▸ WHAT IS REQUIRED:
Write again exactly the lines in the listing below, starting at the line with "上品な光沢感と金色のボタンが" and ending at the line with "Solid Peplum Style", both included. Pictures are not copied.
-- GIVEN INFORMATION follows --
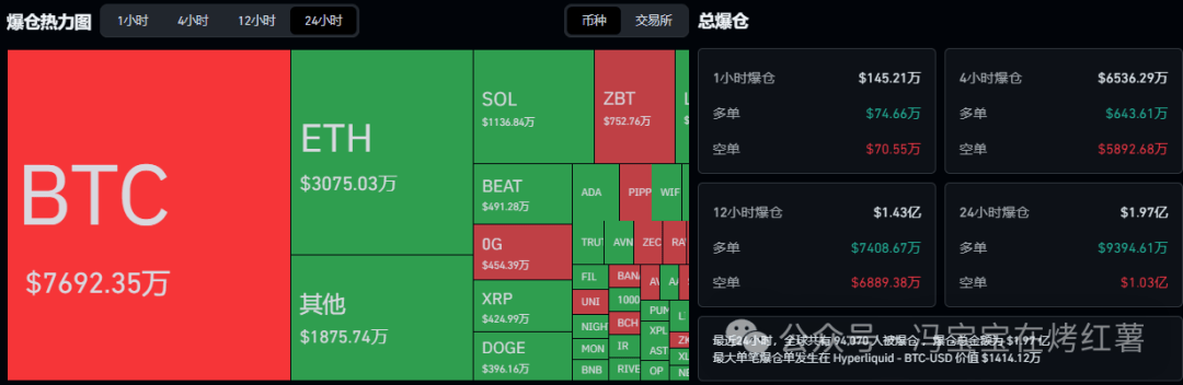 過去24小時全網共有94,070人被被爆倉,爆倉總金額為$1.97億美元,多單爆倉9394.61萬美元,空單爆倉1.03億美元。
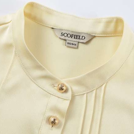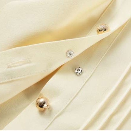上品な光沢感と金色のボタンが高級感を引き立て、オフィスからフォーマルシーンまで幅広く活躍する一着です。
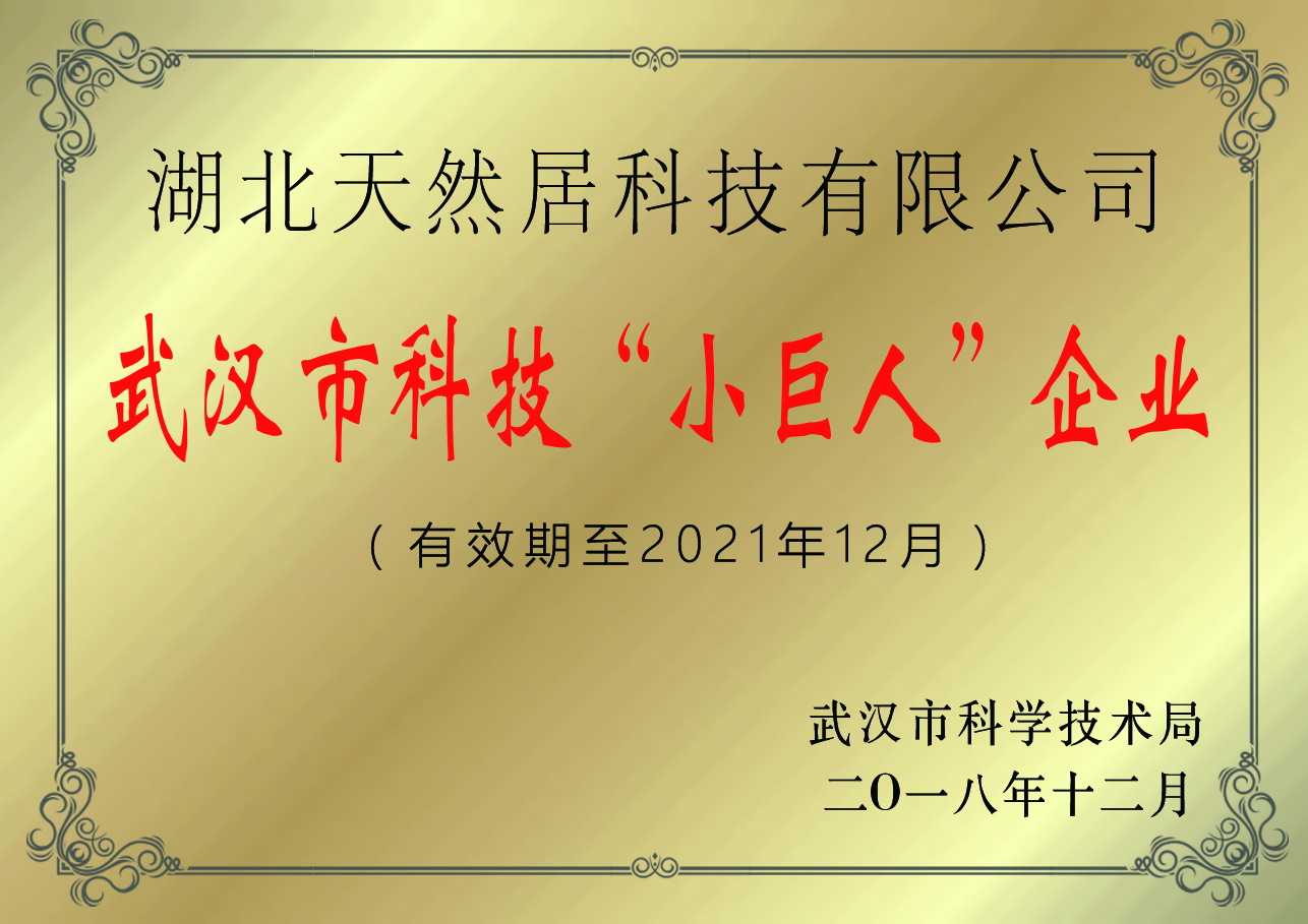 熱烈祝賀湖北天然居科技有限公司榮獲武漢市科技“小巨人”企業。榮獲此稱號也標志著武漢市科技局對湖北天然居科技有限公司作為高新技術企業的高度認可。
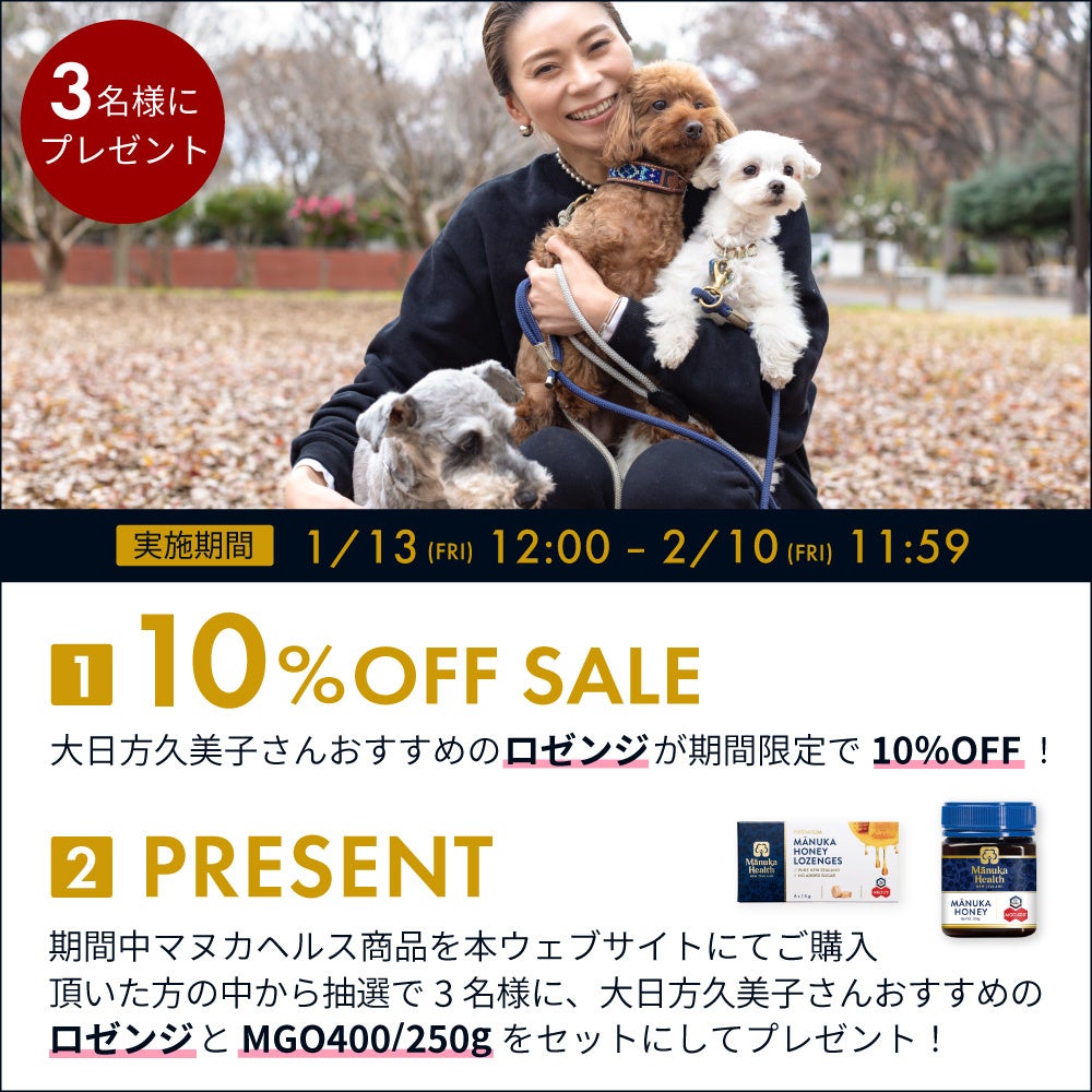 マヌカヘルスの中でも持ち運び便利なタブレットタイプ「ロゼンジ」好きを公言している大日方久美子さんにちなみ、期間限定で「ロゼンジ」10%割引キャンペーンを実施いたします。さらに、対象期間中にマヌカヘルスブランドサイトで購入頂いた方の中から抽選で3名様に、「ロゼンジ」とベストセラーはちみつの「マヌカハニーMGO400+/UMF13+(250g)」を各1個(計2個セット)プレゼントいたします。
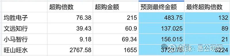 先说一下中签率预测吧,最近大家都喜欢最后一刻冲,导致申购金额最后变动很大,我们先看目前四只的超购信息:
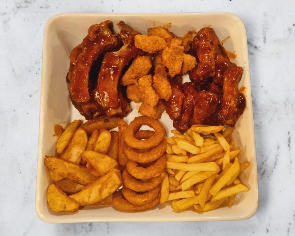 300 grs de Costilla Baby Back.*1 + 8 Alitas.*1 + 200 grs de Boneless.*1 + 150 grs de Papas Gajo.*1 + 150 grs de Papas Francesas.*1 + 6 Aros de Cebolla.*1
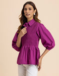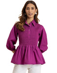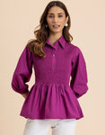 Solid Peplum Style Regular Casual Shirt Top For Women
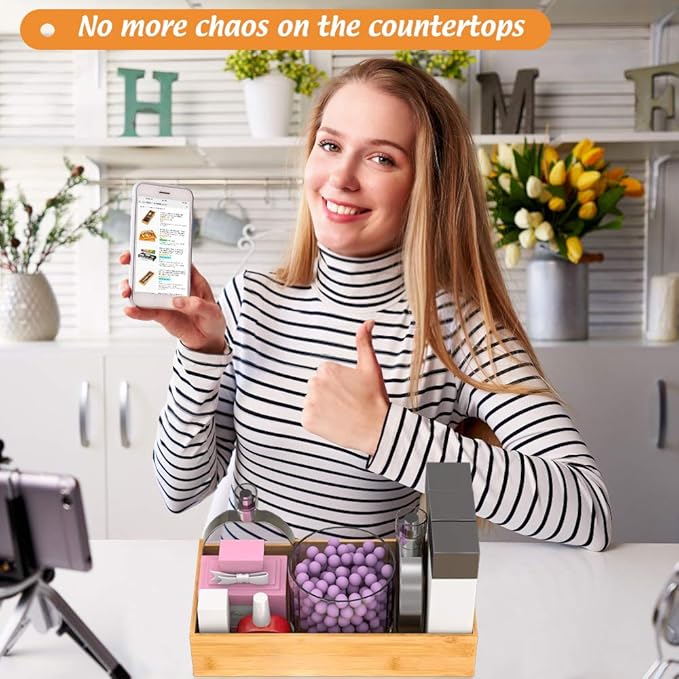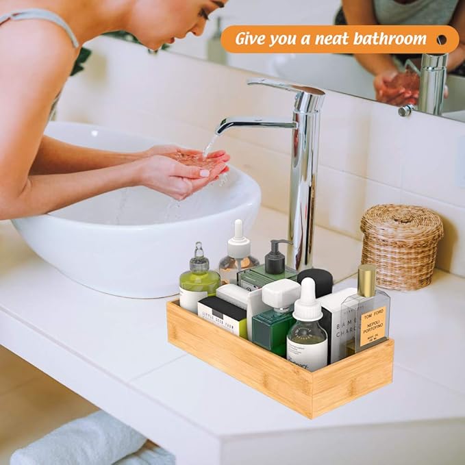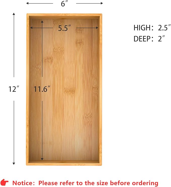 • 【Multi-functional Storage Box】 This deep bamboo organizer boxes are good for organizing items, such as forks, spoons, and knives in kitchen; brushes, soap dispenser and toilet paper in bathroom; cosmetics, makeup tools and hair accessories in makeup room; documents, pens and paper clips in office. Try this bamboo storage box organizer - ending clutter in your office desk and kitchen drawer.
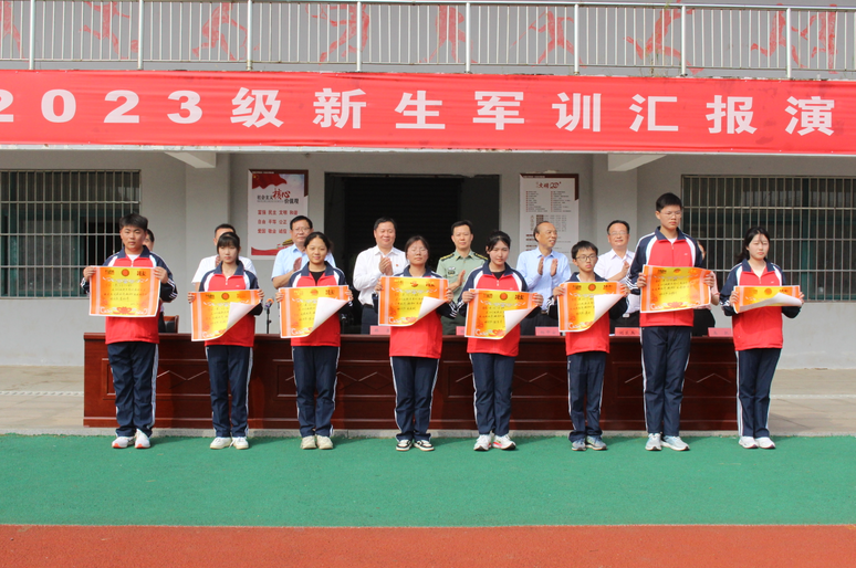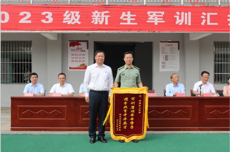 汇报演出后,校党委委员、副校长张彦芝宣读了表彰决定。校领导分别为优秀教官、军训先进个人、军训先进班集体颁奖。韩校长代表学校向宿豫区人武部赠送锦旗,感谢全体教官的辛勤付出。
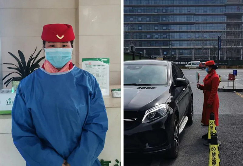 红呢裙子、空姐帽,这是绿城女保安的标配,也是王彩云每天的行头。新冠肺炎疫情爆发后,王彩云和项目上其它的男性保安一样,坚守项目门岗,为出入的业主测量温度,做好门岗的出入人员把控防。护服遮住了红呢裙子,口罩掩盖了脸庞,口罩金属丝,也勒住了微笑的神经线路。
-- GIVEN INFORMATION concluded --
▸ ANSWER BOX:
上品な光沢感と金色のボタンが高級感を引き立て、オフィスからフォーマルシーンまで幅広く活躍する一着です。
 熱烈祝賀湖北天然居科技有限公司榮獲武漢市科技“小巨人”企業。榮獲此稱號也標志著武漢市科技局對湖北天然居科技有限公司作為高新技術企業的高度認可。
 マヌカヘルスの中でも持ち運び便利なタブレットタイプ「ロゼンジ」好きを公言している大日方久美子さんにちなみ、期間限定で「ロゼンジ」10%割引キャンペーンを実施いたします。さらに、対象期間中にマヌカヘルスブランドサイトで購入頂いた方の中から抽選で3名様に、「ロゼンジ」とベストセラーはちみつの「マヌカハニーMGO400+/UMF13+(250g)」を各1個(計2個セット)プレゼントいたします。
 先说一下中签率预测吧,最近大家都喜欢最后一刻冲,导致申购金额最后变动很大,我们先看目前四只的超购信息:
 300 grs de Costilla Baby Back.*1 + 8 Alitas.*1 + 200 grs de Boneless.*1 + 150 grs de Papas Gajo.*1 + 150 grs de Papas Francesas.*1 + 6 Aros de Cebolla.*1
 Solid Peplum Style Regular Casual Shirt Top For Women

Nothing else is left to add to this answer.